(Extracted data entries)
•••

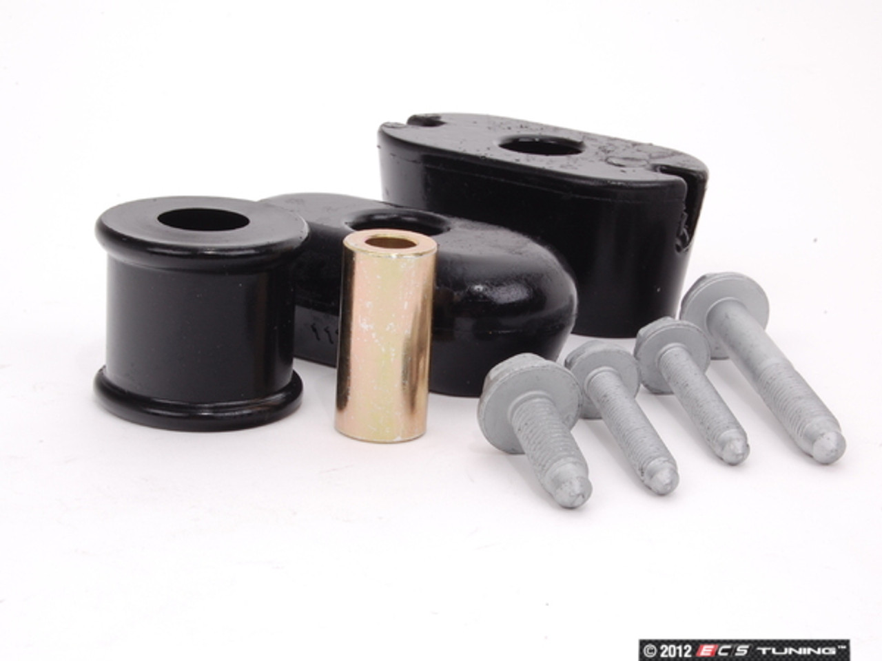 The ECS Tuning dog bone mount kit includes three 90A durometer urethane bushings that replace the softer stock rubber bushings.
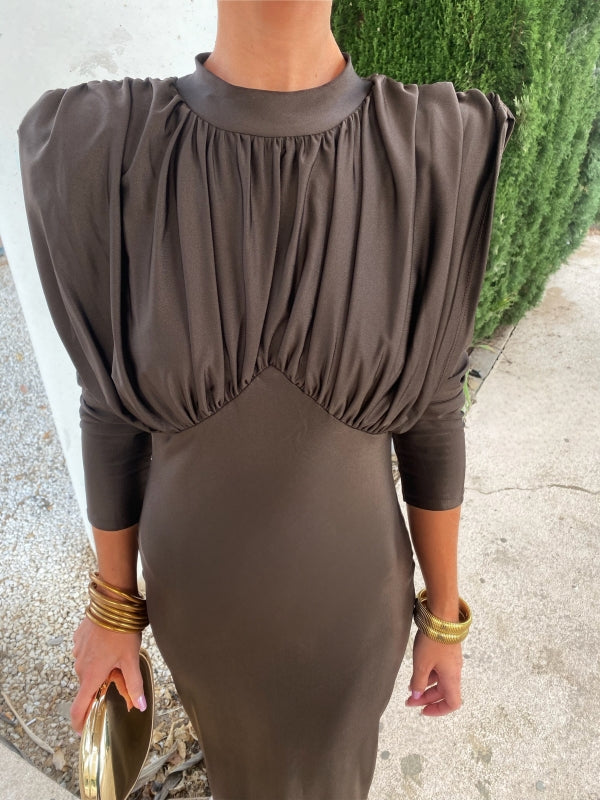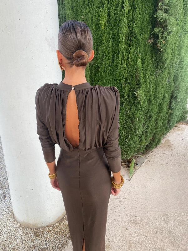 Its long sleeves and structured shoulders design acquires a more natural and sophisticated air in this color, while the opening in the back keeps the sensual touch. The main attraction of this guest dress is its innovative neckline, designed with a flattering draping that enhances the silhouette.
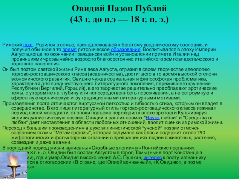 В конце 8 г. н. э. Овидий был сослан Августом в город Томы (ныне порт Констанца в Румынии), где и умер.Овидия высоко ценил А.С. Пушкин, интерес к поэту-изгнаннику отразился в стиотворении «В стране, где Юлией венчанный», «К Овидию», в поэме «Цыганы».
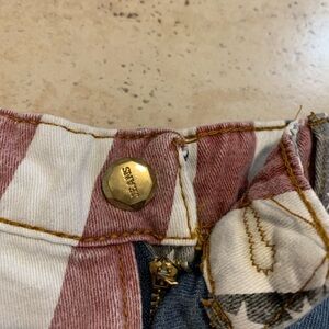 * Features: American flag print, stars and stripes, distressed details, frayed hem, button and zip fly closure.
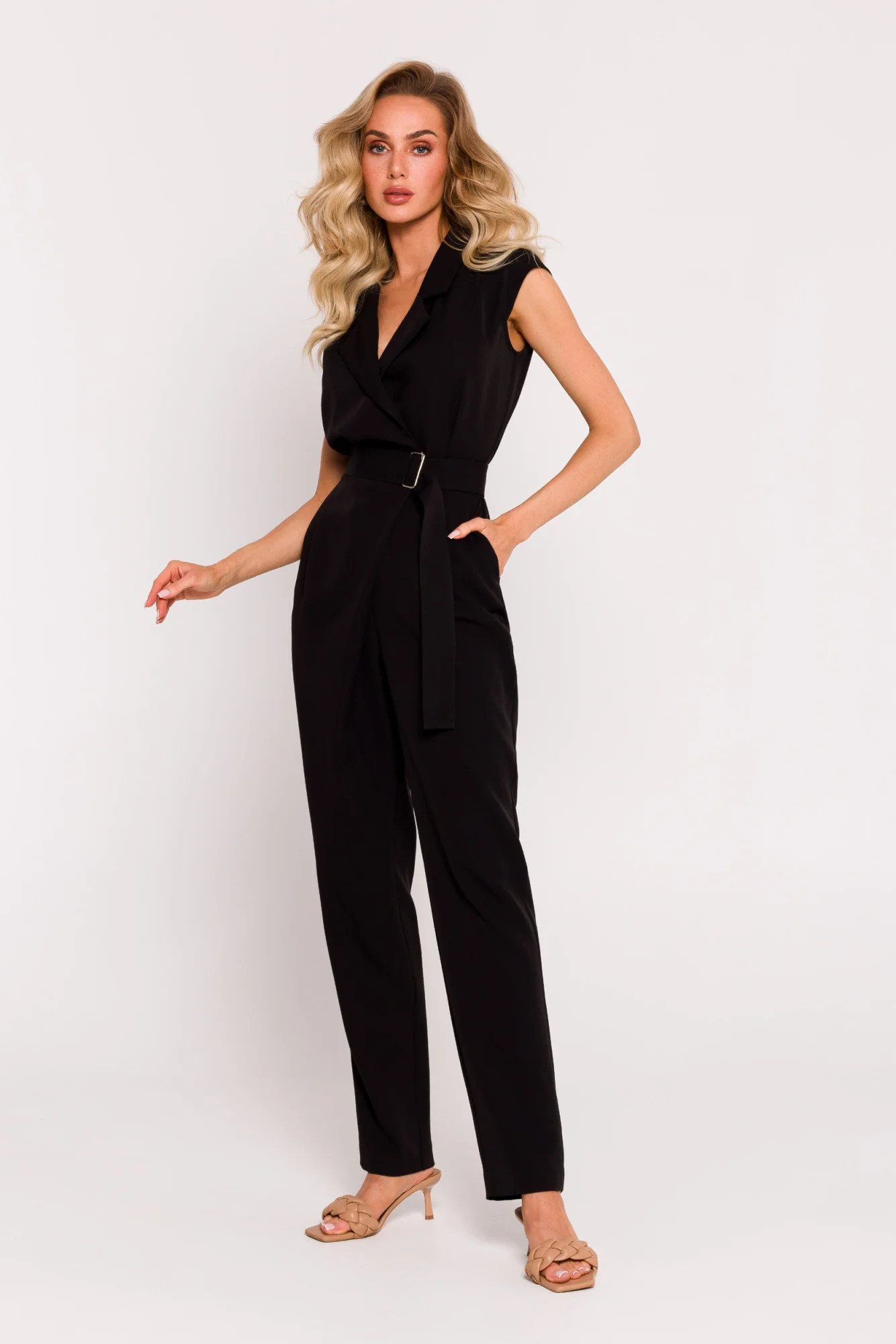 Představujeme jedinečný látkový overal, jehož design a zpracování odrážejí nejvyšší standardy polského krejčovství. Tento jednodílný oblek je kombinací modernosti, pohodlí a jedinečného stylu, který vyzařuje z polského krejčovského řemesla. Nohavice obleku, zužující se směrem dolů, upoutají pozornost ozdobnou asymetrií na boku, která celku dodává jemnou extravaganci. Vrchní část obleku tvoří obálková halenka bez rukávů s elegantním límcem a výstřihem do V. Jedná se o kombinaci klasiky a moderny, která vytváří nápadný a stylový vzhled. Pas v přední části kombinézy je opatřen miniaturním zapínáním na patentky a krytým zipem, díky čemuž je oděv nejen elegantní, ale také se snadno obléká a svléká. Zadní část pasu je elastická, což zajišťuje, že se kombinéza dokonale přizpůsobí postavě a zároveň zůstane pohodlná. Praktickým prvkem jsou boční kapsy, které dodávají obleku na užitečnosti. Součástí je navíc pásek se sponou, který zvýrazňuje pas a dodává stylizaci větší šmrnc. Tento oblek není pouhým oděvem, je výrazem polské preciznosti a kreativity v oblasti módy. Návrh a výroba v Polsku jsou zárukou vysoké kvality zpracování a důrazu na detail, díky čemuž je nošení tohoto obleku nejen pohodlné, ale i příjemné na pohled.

•••

- WHAT TO PRODUCE -
Would you write out each entry word for word and omit the images?

- OUTPUT FOR THIS EXERCISE -
 The ECS Tuning dog bone mount kit includes three 90A durometer urethane bushings that replace the softer stock rubber bushings.
 Its long sleeves and structured shoulders design acquires a more natural and sophisticated air in this color, while the opening in the back keeps the sensual touch. The main attraction of this guest dress is its innovative neckline, designed with a flattering draping that enhances the silhouette.
 В конце 8 г. н. э. Овидий был сослан Августом в город Томы (ныне порт Констанца в Румынии), где и умер.Овидия высоко ценил А.С. Пушкин, интерес к поэту-изгнаннику отразился в стиотворении «В стране, где Юлией венчанный», «К Овидию», в поэме «Цыганы».
 * Features: American flag print, stars and stripes, distressed details, frayed hem, button and zip fly closure.
 Představujeme jedinečný látkový overal, jehož design a zpracování odrážejí nejvyšší standardy polského krejčovství. Tento jednodílný oblek je kombinací modernosti, pohodlí a jedinečného stylu, který vyzařuje z polského krejčovského řemesla. Nohavice obleku, zužující se směrem dolů, upoutají pozornost ozdobnou asymetrií na boku, která celku dodává jemnou extravaganci. Vrchní část obleku tvoří obálková halenka bez rukávů s elegantním límcem a výstřihem do V. Jedná se o kombinaci klasiky a moderny, která vytváří nápadný a stylový vzhled. Pas v přední části kombinézy je opatřen miniaturním zapínáním na patentky a krytým zipem, díky čemuž je oděv nejen elegantní, ale také se snadno obléká a svléká. Zadní část pasu je elastická, což zajišťuje, že se kombinéza dokonale přizpůsobí postavě a zároveň zůstane pohodlná. Praktickým prvkem jsou boční kapsy, které dodávají obleku na užitečnosti. Součástí je navíc pásek se sponou, který zvýrazňuje pas a dodává stylizaci větší šmrnc. Tento oblek není pouhým oděvem, je výrazem polské preciznosti a kreativity v oblasti módy. Návrh a výroba v Polsku jsou zárukou vysoké kvality zpracování a důrazu na detail, díky čemuž je nošení tohoto obleku nejen pohodlné, ale i příjemné na pohled.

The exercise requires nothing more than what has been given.